## ABOUT THIS TASK:
Each entry that follows is to be copied exactly, minus any pictures.

## MATERIAL TO PROCESS:

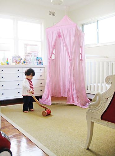 Loisleila New Large Square Kids Bed Canopy Hanging Play Canopy For Twin Bed Pink Stripe
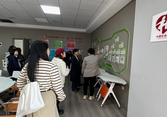 调研团队实地参观了大雁塔街道社工站的场地建设、示范项目展区,听取了社工站工作人员有关社工站建设发展、组织架构、“六位一体”服务系统和工作服务流程等方面的介绍。
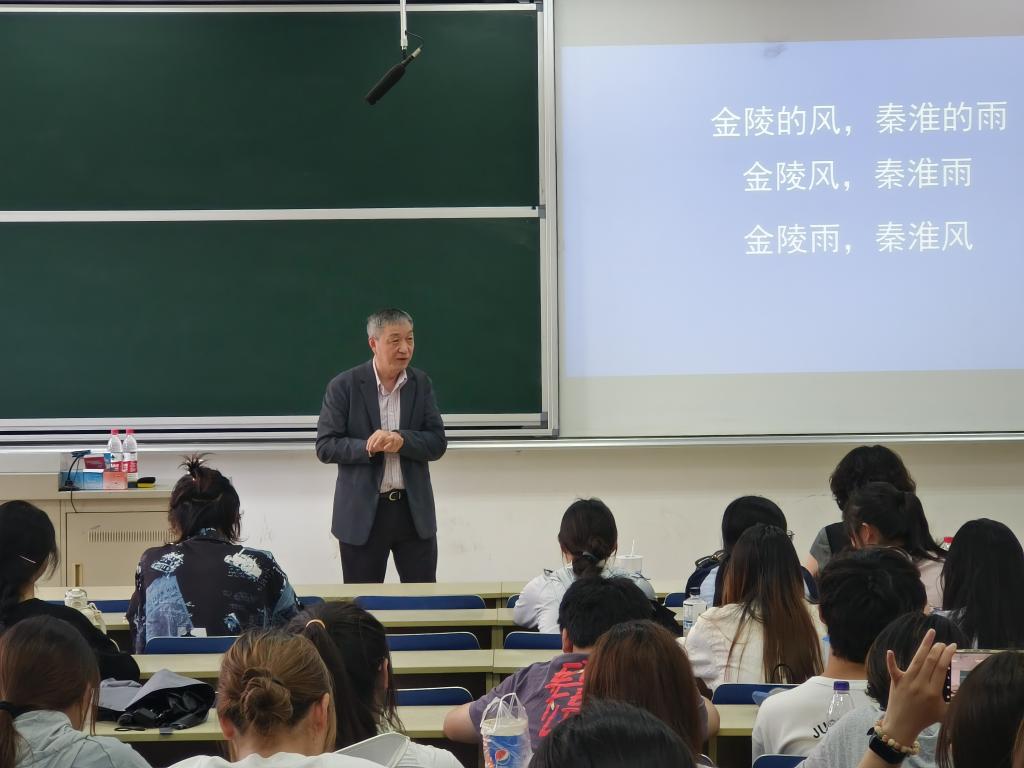 6月12日下午,应EVO真人视讯邀请,上海师范大学金定海教授受邀以《金陵风·秦淮雨——从地缘的角度谈创意》为题作讲座。讲座由EVO真人视讯副经理姚杰主持,EVO真人视讯部分本科生及教师参加讲座。
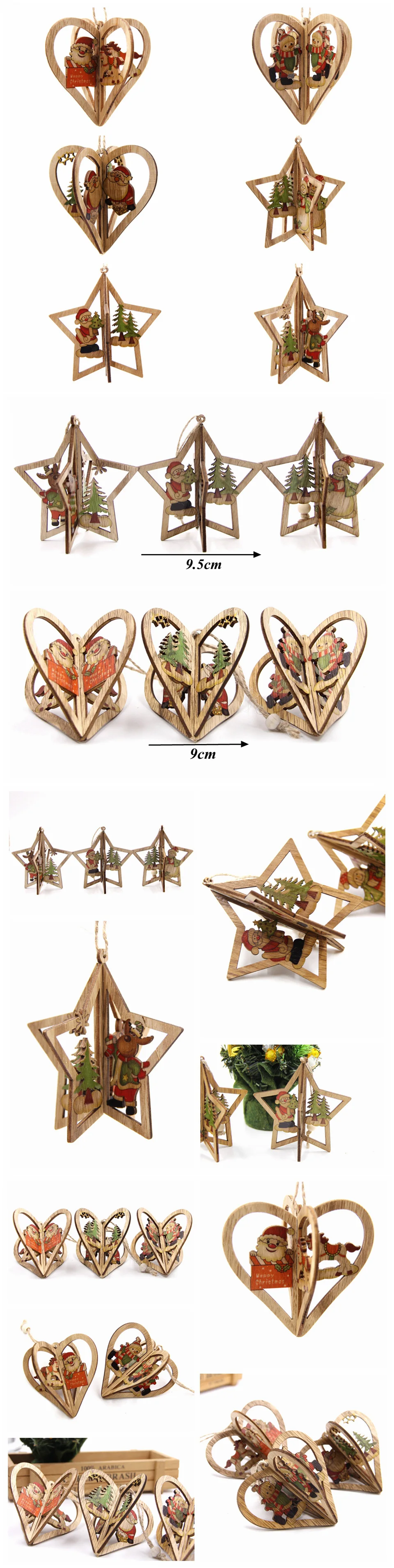 3 комплекта 3D креативные рождественские деревянные подвески, украшения DIY звезда и сердце, рождественские украшения для вечеринки, Рождественские елочные украшения, подарки для детей
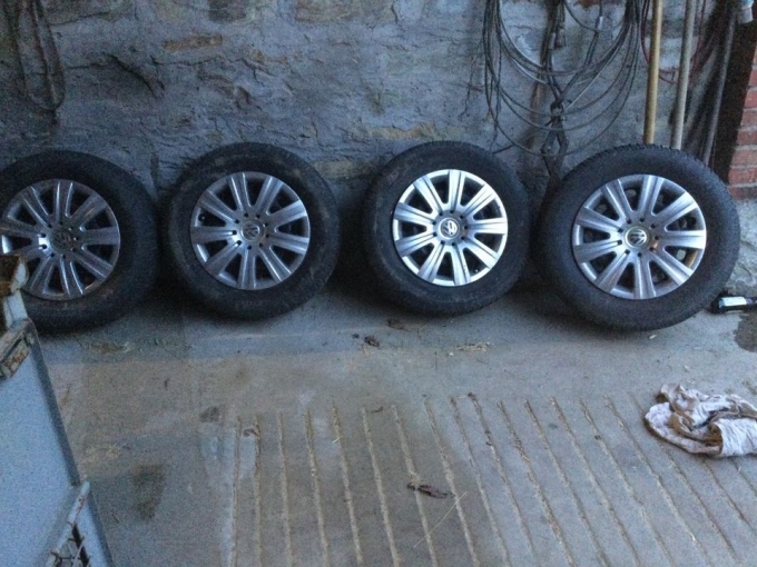4 Reifen auf Stahlfelgen mit Radzierkappen.
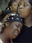 Dawn Morris (left), mother of 18-year-old Shaineta Smith who was murdered yesterday in Norman Gardens, is comforted by friend Janet Chambers.
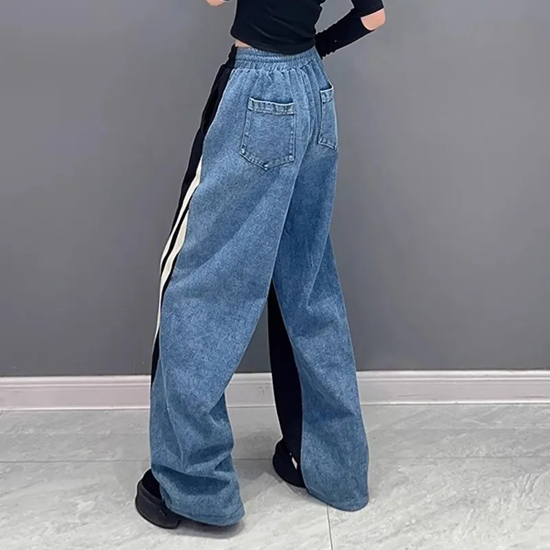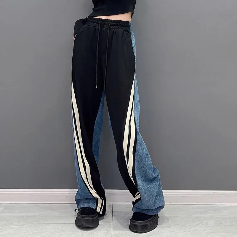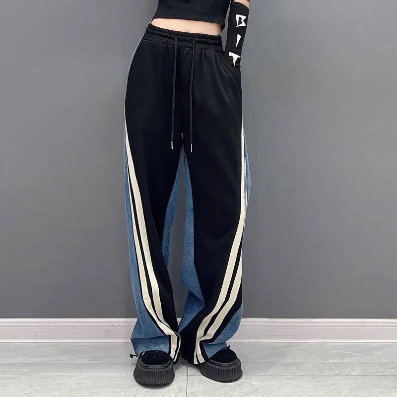 衣都精品- 2023新款水洗撞色寬鬆時尚洋氣休閒寬褲

## SOLUTION FOR THIS TASK:
 Loisleila New Large Square Kids Bed Canopy Hanging Play Canopy For Twin Bed Pink Stripe
 调研团队实地参观了大雁塔街道社工站的场地建设、示范项目展区,听取了社工站工作人员有关社工站建设发展、组织架构、“六位一体”服务系统和工作服务流程等方面的介绍。
 6月12日下午,应EVO真人视讯邀请,上海师范大学金定海教授受邀以《金陵风·秦淮雨——从地缘的角度谈创意》为题作讲座。讲座由EVO真人视讯副经理姚杰主持,EVO真人视讯部分本科生及教师参加讲座。
 3 комплекта 3D креативные рождественские деревянные подвески, украшения DIY звезда и сердце, рождественские украшения для вечеринки, Рождественские елочные украшения, подарки для детей
4 Reifen auf Stahlfelgen mit Radzierkappen.
 Dawn Morris (left), mother of 18-year-old Shaineta Smith who was murdered yesterday in Norman Gardens, is comforted by friend Janet Chambers.
 衣都精品- 2023新款水洗撞色寬鬆時尚洋氣休閒寬褲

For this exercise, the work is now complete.